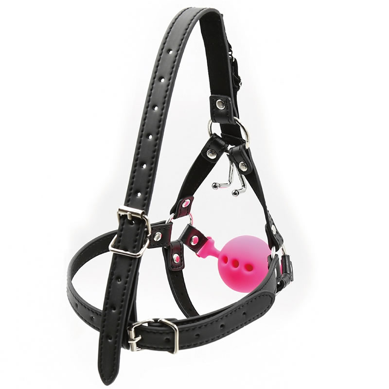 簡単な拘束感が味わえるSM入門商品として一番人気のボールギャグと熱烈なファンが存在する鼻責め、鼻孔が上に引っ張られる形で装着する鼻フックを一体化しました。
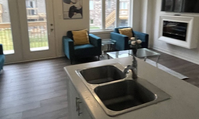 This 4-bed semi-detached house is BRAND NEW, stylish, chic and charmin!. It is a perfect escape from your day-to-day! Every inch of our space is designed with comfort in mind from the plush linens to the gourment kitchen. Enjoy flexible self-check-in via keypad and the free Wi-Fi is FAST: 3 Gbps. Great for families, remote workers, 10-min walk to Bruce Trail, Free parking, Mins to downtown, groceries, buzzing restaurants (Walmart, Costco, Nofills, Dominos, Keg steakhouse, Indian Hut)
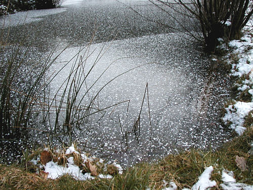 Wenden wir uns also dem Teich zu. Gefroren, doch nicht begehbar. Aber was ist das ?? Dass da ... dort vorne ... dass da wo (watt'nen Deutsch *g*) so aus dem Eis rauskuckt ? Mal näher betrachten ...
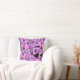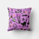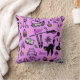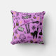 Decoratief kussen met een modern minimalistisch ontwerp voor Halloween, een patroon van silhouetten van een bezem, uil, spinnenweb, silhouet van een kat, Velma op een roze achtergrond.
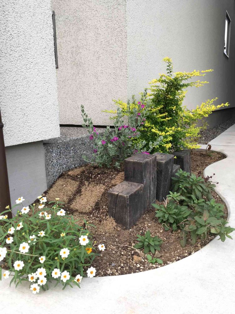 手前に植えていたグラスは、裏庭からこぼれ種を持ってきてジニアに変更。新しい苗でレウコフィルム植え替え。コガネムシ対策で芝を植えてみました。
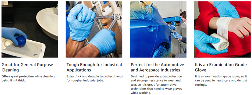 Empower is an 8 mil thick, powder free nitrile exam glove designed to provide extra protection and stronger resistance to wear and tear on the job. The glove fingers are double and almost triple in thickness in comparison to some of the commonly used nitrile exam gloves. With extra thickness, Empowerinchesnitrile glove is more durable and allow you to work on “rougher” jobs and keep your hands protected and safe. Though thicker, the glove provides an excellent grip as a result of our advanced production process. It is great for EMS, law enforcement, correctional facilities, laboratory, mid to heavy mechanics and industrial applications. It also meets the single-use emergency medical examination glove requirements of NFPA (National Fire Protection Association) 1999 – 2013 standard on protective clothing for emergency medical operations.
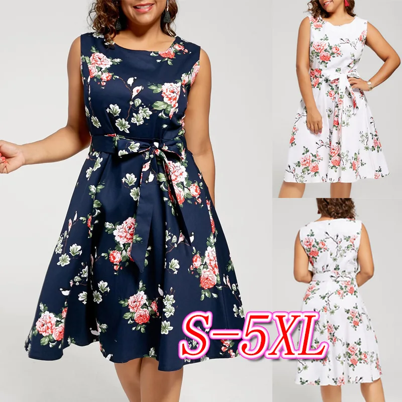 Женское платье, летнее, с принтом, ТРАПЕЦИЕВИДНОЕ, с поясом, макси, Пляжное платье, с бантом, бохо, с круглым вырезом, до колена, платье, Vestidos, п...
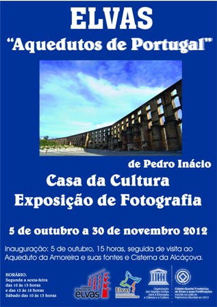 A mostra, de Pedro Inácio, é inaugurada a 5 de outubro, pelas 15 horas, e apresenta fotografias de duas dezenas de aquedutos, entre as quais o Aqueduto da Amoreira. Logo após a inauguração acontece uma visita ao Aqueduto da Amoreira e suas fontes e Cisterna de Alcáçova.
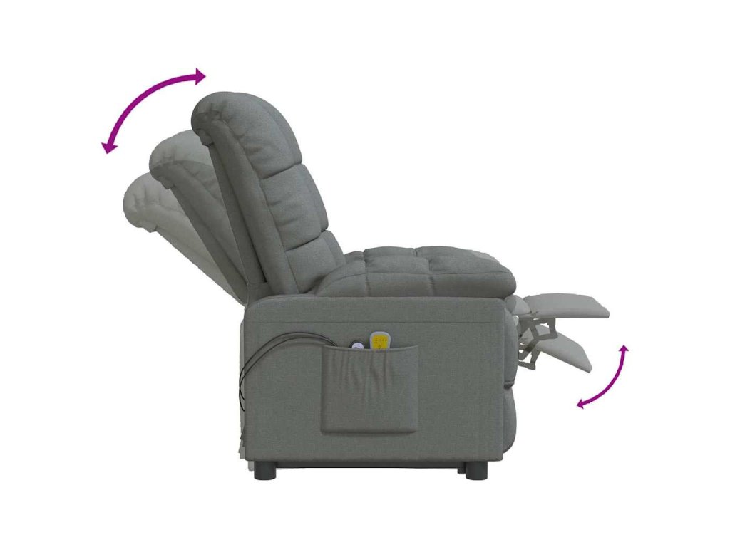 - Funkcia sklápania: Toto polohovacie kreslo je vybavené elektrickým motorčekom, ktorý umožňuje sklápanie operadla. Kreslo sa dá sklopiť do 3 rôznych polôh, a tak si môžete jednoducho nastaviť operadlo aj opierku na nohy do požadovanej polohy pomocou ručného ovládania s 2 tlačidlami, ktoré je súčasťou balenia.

* [ACTIVITY]: Exact copy, pictures excluded: repeat the lines from the top of the material through the line with "Decoratief kussen met".

* [TASK RESPONSE]:
 簡単な拘束感が味わえるSM入門商品として一番人気のボールギャグと熱烈なファンが存在する鼻責め、鼻孔が上に引っ張られる形で装着する鼻フックを一体化しました。
 This 4-bed semi-detached house is BRAND NEW, stylish, chic and charmin!. It is a perfect escape from your day-to-day! Every inch of our space is designed with comfort in mind from the plush linens to the gourment kitchen. Enjoy flexible self-check-in via keypad and the free Wi-Fi is FAST: 3 Gbps. Great for families, remote workers, 10-min walk to Bruce Trail, Free parking, Mins to downtown, groceries, buzzing restaurants (Walmart, Costco, Nofills, Dominos, Keg steakhouse, Indian Hut)
 Wenden wir uns also dem Teich zu. Gefroren, doch nicht begehbar. Aber was ist das ?? Dass da ... dort vorne ... dass da wo (watt'nen Deutsch *g*) so aus dem Eis rauskuckt ? Mal näher betrachten ...
 Decoratief kussen met een modern minimalistisch ontwerp voor Halloween, een patroon van silhouetten van een bezem, uil, spinnenweb, silhouet van een kat, Velma op een roze achtergrond.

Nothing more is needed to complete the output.